*Problem details:* Your reply should reproduce the data below without a single alteration, apart from dropping the images.

*Source data:*

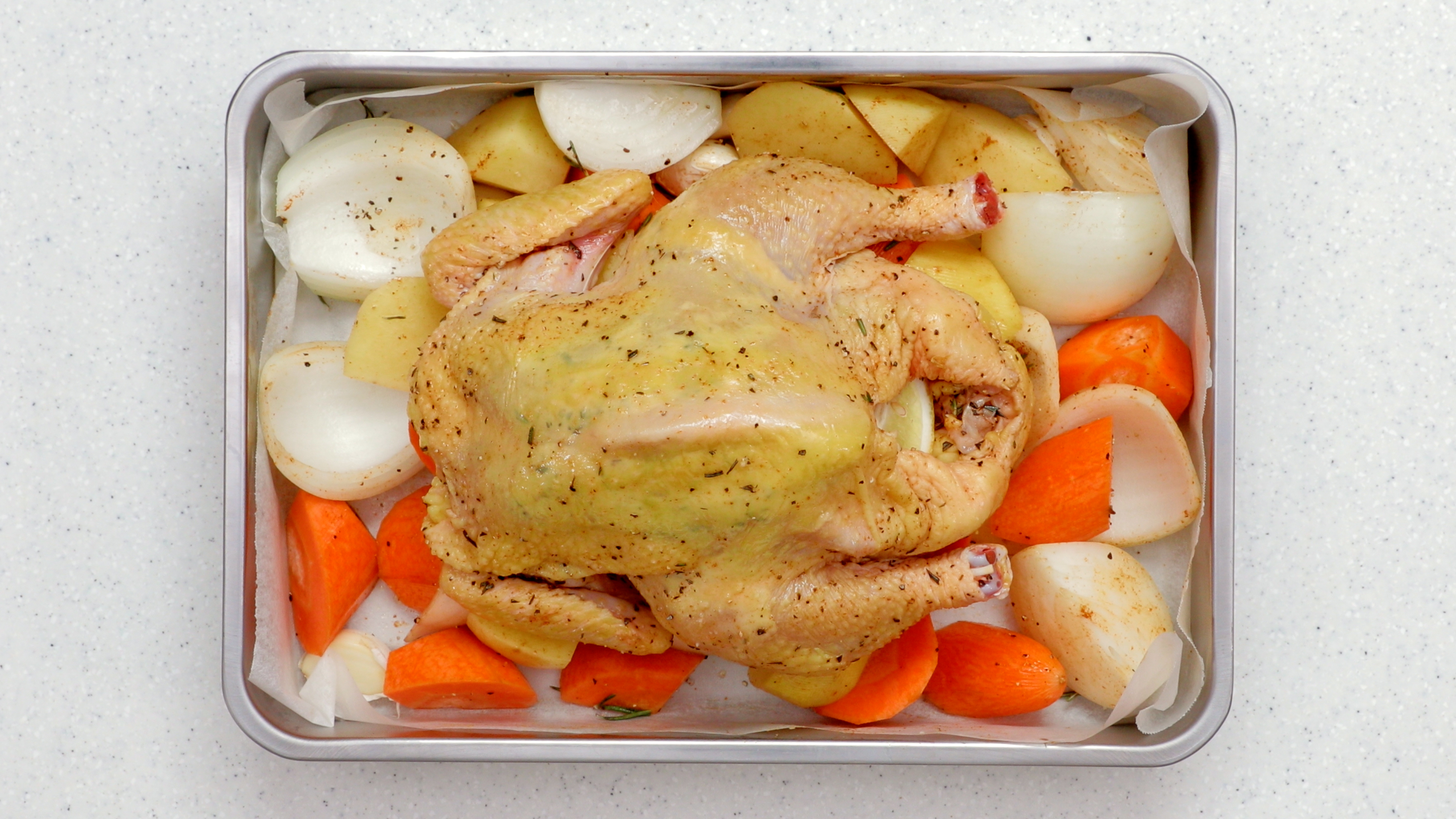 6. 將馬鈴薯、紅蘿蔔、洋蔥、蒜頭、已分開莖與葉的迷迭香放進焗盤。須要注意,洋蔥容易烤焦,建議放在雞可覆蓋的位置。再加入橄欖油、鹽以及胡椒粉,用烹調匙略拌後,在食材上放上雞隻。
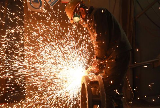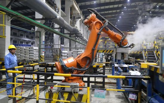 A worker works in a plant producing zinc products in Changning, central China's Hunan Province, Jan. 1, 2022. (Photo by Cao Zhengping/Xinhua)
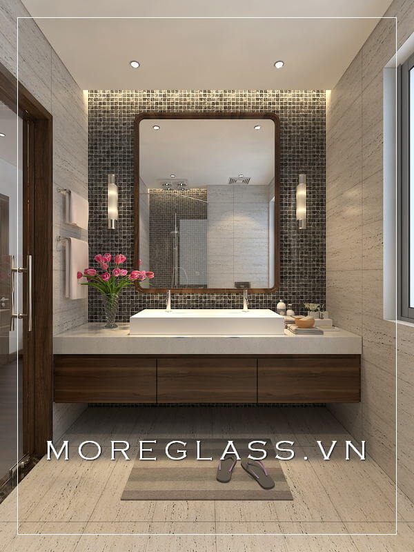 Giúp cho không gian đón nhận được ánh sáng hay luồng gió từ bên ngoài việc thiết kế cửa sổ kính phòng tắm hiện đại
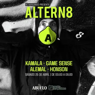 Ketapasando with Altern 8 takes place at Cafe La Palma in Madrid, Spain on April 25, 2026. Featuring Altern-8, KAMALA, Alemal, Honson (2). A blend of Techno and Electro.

*Answer box:*
 6. 將馬鈴薯、紅蘿蔔、洋蔥、蒜頭、已分開莖與葉的迷迭香放進焗盤。須要注意,洋蔥容易烤焦,建議放在雞可覆蓋的位置。再加入橄欖油、鹽以及胡椒粉,用烹調匙略拌後,在食材上放上雞隻。
 A worker works in a plant producing zinc products in Changning, central China's Hunan Province, Jan. 1, 2022. (Photo by Cao Zhengping/Xinhua)
 Giúp cho không gian đón nhận được ánh sáng hay luồng gió từ bên ngoài việc thiết kế cửa sổ kính phòng tắm hiện đại
 Ketapasando with Altern 8 takes place at Cafe La Palma in Madrid, Spain on April 25, 2026. Featuring Altern-8, KAMALA, Alemal, Honson (2). A blend of Techno and Electro.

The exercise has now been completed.